(Stored data entries)
--*--

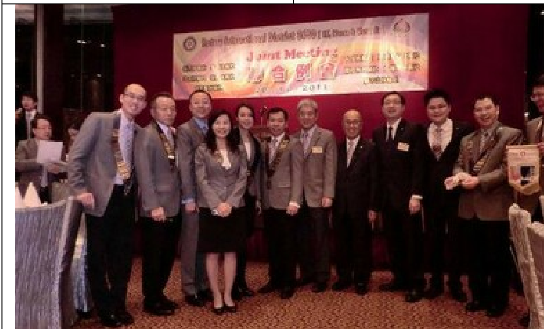
November 28, 2011 Area 6 Joint Meeting
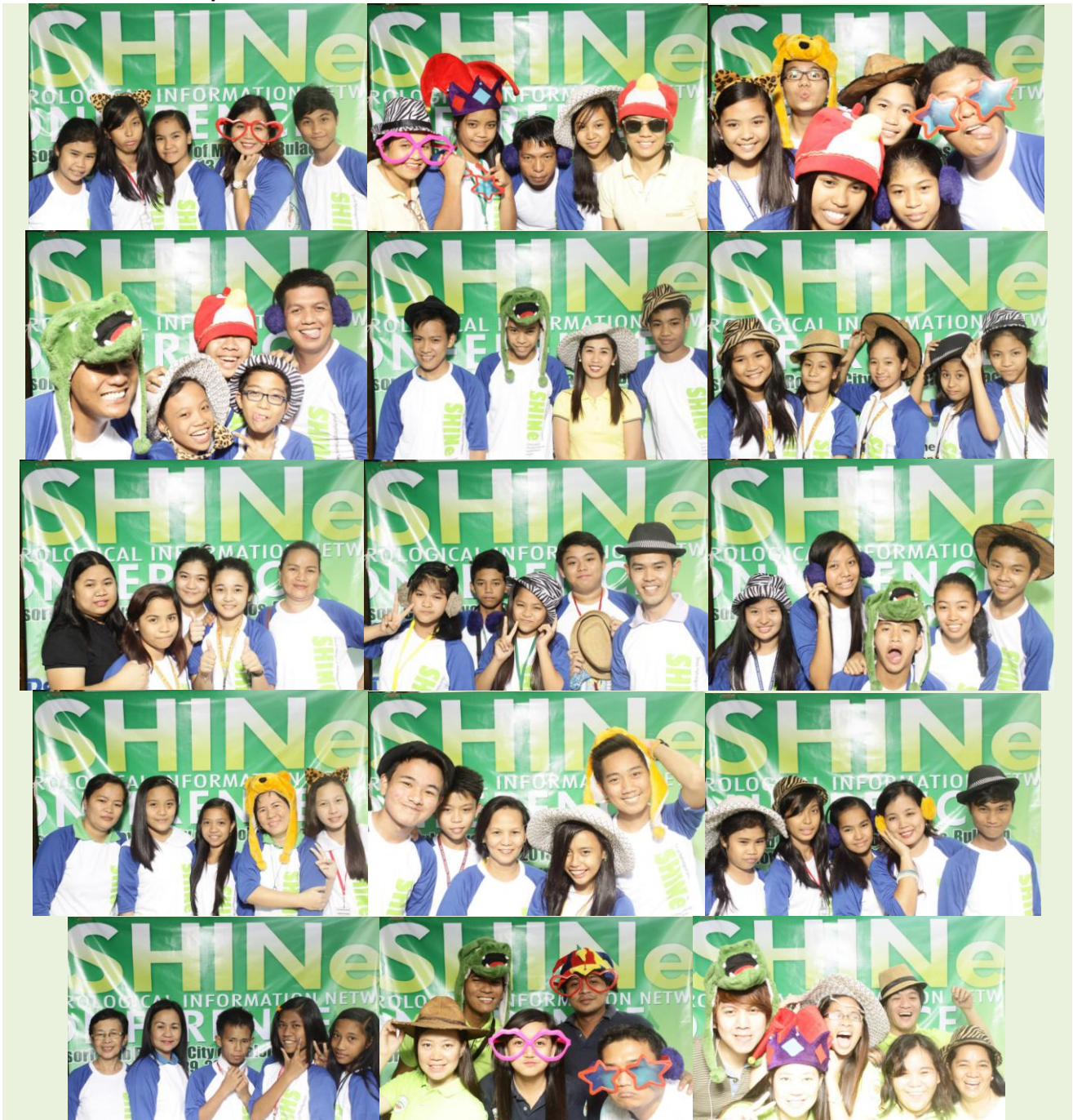
SHINe Photo booth pics...

This year's school SHINe groups that received brand new sets of Personal Computers were the Tibagan National High School and the John J. Russell Memorial High School of Bustos and San Miguel towns, respectively. The award is given to schools that have performed well during the year in terms of continued rainfall observations and has actively promoted the SHINe program not only within the school but in their community as well.
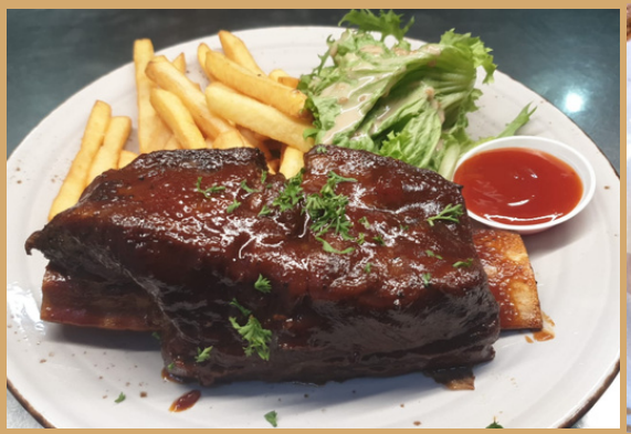
Angus Beef Rib Personal Size $42.90

Oven roasted signature beef rib coated with smokey barbeque sauce. Tender and fully cooked. Served with fries and salad
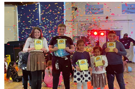
Our end of club disco
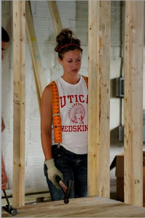
Out of state youth groups work on second floor

Summer missions trips brought close to 400 youth to Adullam from all across the United States and Canada for week long urban missions training opportunities. Many of the leaders and sponsors have since been in contact with Adullam to share stories of young lives set on fire with a passion to make an impact in their own home communities with the simple grassroots initiatives experienced at Adullam. During 2011, active partnerships with suburban churches and outreach organizations brought in regularly scheduled “work day” event groups ranging in size with up to 80 people per event.
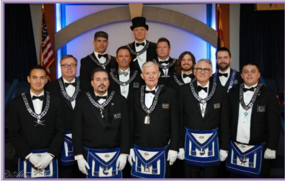
The Officers of Scottsdale Lodge #43 F&AM for 2018
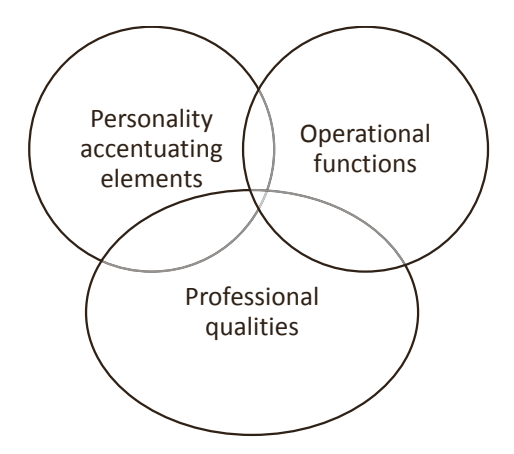
Figure 1. Competence structure for preschool teachers.

The structure of each teacher's competence consists of the three components, but their weight differs. The most important component is their professional qualities. A teacher's reflective activity is important in education. By including self-assessment in teacher education curricula, prospective teachers are encouraged to ask themselves questions about the nature of learning, the impact of experience on further learning, how to make their learning more productive and how to explore their performance for improvement. As a result, it is easier for them to understand what and how they are doing as teachers, and they are able to see both successes and failures without fear of acknowledging that there are things they do not yet know and would be willing to learn from their own experience (Latkovska, 2015). Self-assessment is important for each student's study progress and dynamic development of competencies.
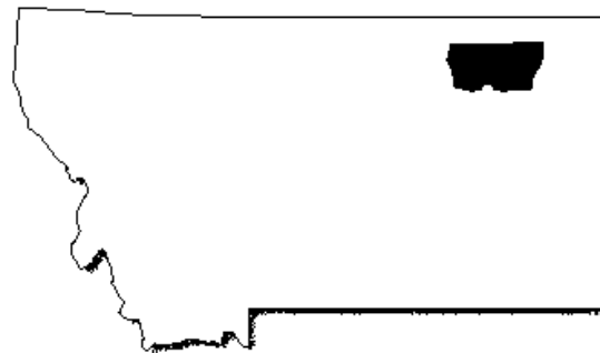
Location of Fort Peck Reservation

Roosevelt Counties. Elevation varies from 1,900 to 3,100 feet. The land is primarily gently rolling hills and plains. The land is nonforested except for stands of cottonwood along the creek and river bottoms.
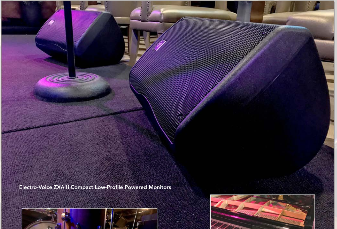
Electro-Voice ZXA1i Compact Low-Profile Powered Monitors

The monitor system comprises of six (6) low-profile Electro-Voice ZXA1 self-powered speakers. The EV eight inch (8inch) "hot-spot monitors" where an ideal choice given the room's space restrictions. They allow for the control of any monitor stage spill into audiences areas, giving a heightened appreciation and a clearer overall audience experience of the stage performance.
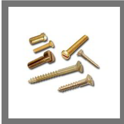
Brass MS Screw
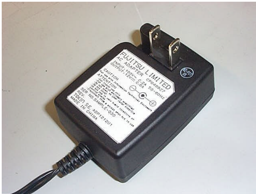
AC/DC Adapter (3)
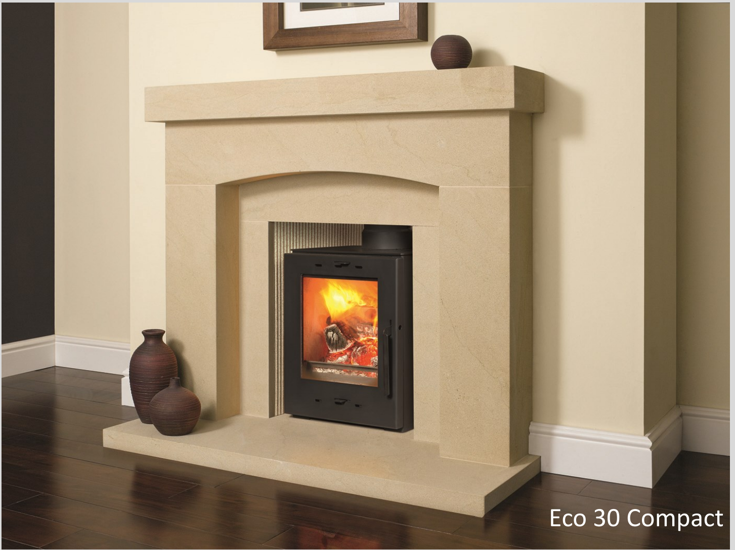
Eco 30 Compact
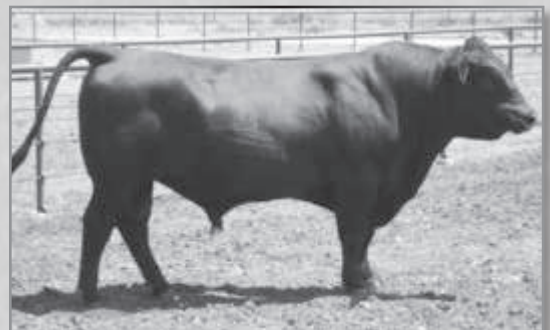
SVA IMAGING 7610 – He sells as Lot 33.
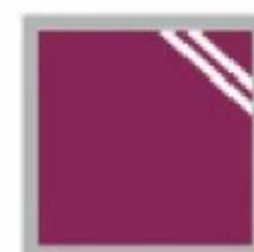
RT - 24 Magenta with White
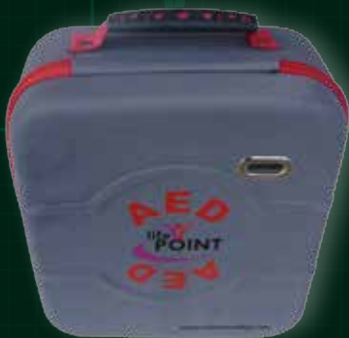
LPPAED Life Point Pro Automated External Defibrillator
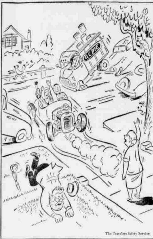
Lucky you—you impressed your friends without killing them
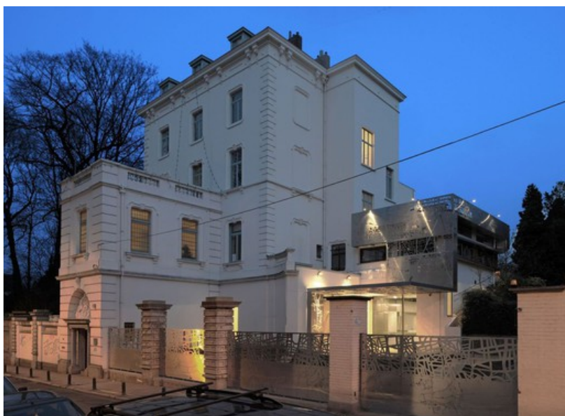
Â© B612 associates
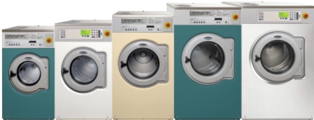
SU620s / 20 lb. cap. SU630c / 30 lb. cap. SU640s / 40 lb. cap. SU655s / 55 lb. cap. SU675c / 75 lb. cap.

Wascomat commercial, solid-mount, high-extract "Super" washer models save water, energy and labor, cut drying time for big gas savings and increase laundry productivity. Ideal for any in-house and commercial laundry installations.
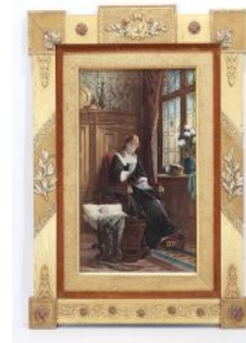
1 Watercolour signed E. (Ernest) Anders '81, 20 5/8 x 12 1/2" "Mere Et Enfant". $300 - $500
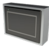
Premium control and touchscreen
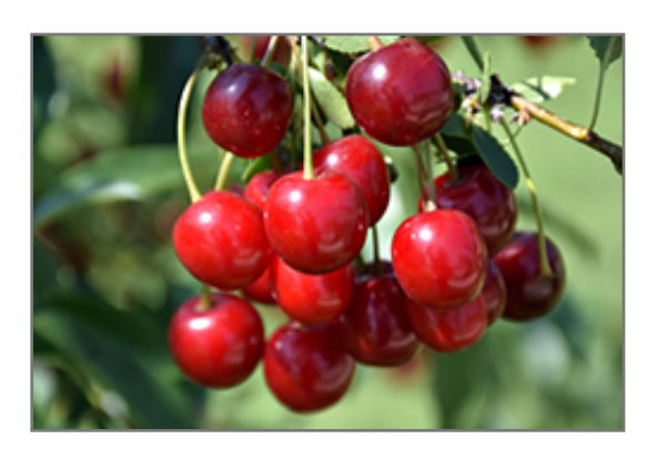
Juliet Cherry fruit

Juliet Cherry features showy clusters of fragrant white flowers along the branches in mid spring. It has green deciduous foliage. The glossy oval leaves turn yellow in fall. The fruits are showy dark red drupes carried in abundance from mid to late summer.

--*--

## TO DO:
Transcribe the records above exactly as they appear, leaving out any pictures.

## OUTPUT BELOW:
November 28, 2011 Area 6 Joint Meeting
SHINe Photo booth pics...

This year's school SHINe groups that received brand new sets of Personal Computers were the Tibagan National High School and the John J. Russell Memorial High School of Bustos and San Miguel towns, respectively. The award is given to schools that have performed well during the year in terms of continued rainfall observations and has actively promoted the SHINe program not only within the school but in their community as well.
Angus Beef Rib Personal Size $42.90

Oven roasted signature beef rib coated with smokey barbeque sauce. Tender and fully cooked. Served with fries and salad
Our end of club disco
Out of state youth groups work on second floor

Summer missions trips brought close to 400 youth to Adullam from all across the United States and Canada for week long urban missions training opportunities. Many of the leaders and sponsors have since been in contact with Adullam to share stories of young lives set on fire with a passion to make an impact in their own home communities with the simple grassroots initiatives experienced at Adullam. During 2011, active partnerships with suburban churches and outreach organizations brought in regularly scheduled “work day” event groups ranging in size with up to 80 people per event.
The Officers of Scottsdale Lodge #43 F&AM for 2018
Figure 1. Competence structure for preschool teachers.

The structure of each teacher's competence consists of the three components, but their weight differs. The most important component is their professional qualities. A teacher's reflective activity is important in education. By including self-assessment in teacher education curricula, prospective teachers are encouraged to ask themselves questions about the nature of learning, the impact of experience on further learning, how to make their learning more productive and how to explore their performance for improvement. As a result, it is easier for them to understand what and how they are doing as teachers, and they are able to see both successes and failures without fear of acknowledging that there are things they do not yet know and would be willing to learn from their own experience (Latkovska, 2015). Self-assessment is important for each student's study progress and dynamic development of competencies.
Location of Fort Peck Reservation

Roosevelt Counties. Elevation varies from 1,900 to 3,100 feet. The land is primarily gently rolling hills and plains. The land is nonforested except for stands of cottonwood along the creek and river bottoms.
Electro-Voice ZXA1i Compact Low-Profile Powered Monitors

The monitor system comprises of six (6) low-profile Electro-Voice ZXA1 self-powered speakers. The EV eight inch (8inch) "hot-spot monitors" where an ideal choice given the room's space restrictions. They allow for the control of any monitor stage spill into audiences areas, giving a heightened appreciation and a clearer overall audience experience of the stage performance.
Brass MS Screw
AC/DC Adapter (3)
Eco 30 Compact
SVA IMAGING 7610 – He sells as Lot 33.
RT - 24 Magenta with White
LPPAED Life Point Pro Automated External Defibrillator
Lucky you—you impressed your friends without killing them
Â© B612 associates
SU620s / 20 lb. cap. SU630c / 30 lb. cap. SU640s / 40 lb. cap. SU655s / 55 lb. cap. SU675c / 75 lb. cap.

Wascomat commercial, solid-mount, high-extract "Super" washer models save water, energy and labor, cut drying time for big gas savings and increase laundry productivity. Ideal for any in-house and commercial laundry installations.
1 Watercolour signed E. (Ernest) Anders '81, 20 5/8 x 12 1/2" "Mere Et Enfant". $300 - $500
Premium control and touchscreen
Juliet Cherry fruit

Juliet Cherry features showy clusters of fragrant white flowers along the branches in mid spring. It has green deciduous foliage. The glossy oval leaves turn yellow in fall. The fruits are showy dark red drupes carried in abundance from mid to late summer.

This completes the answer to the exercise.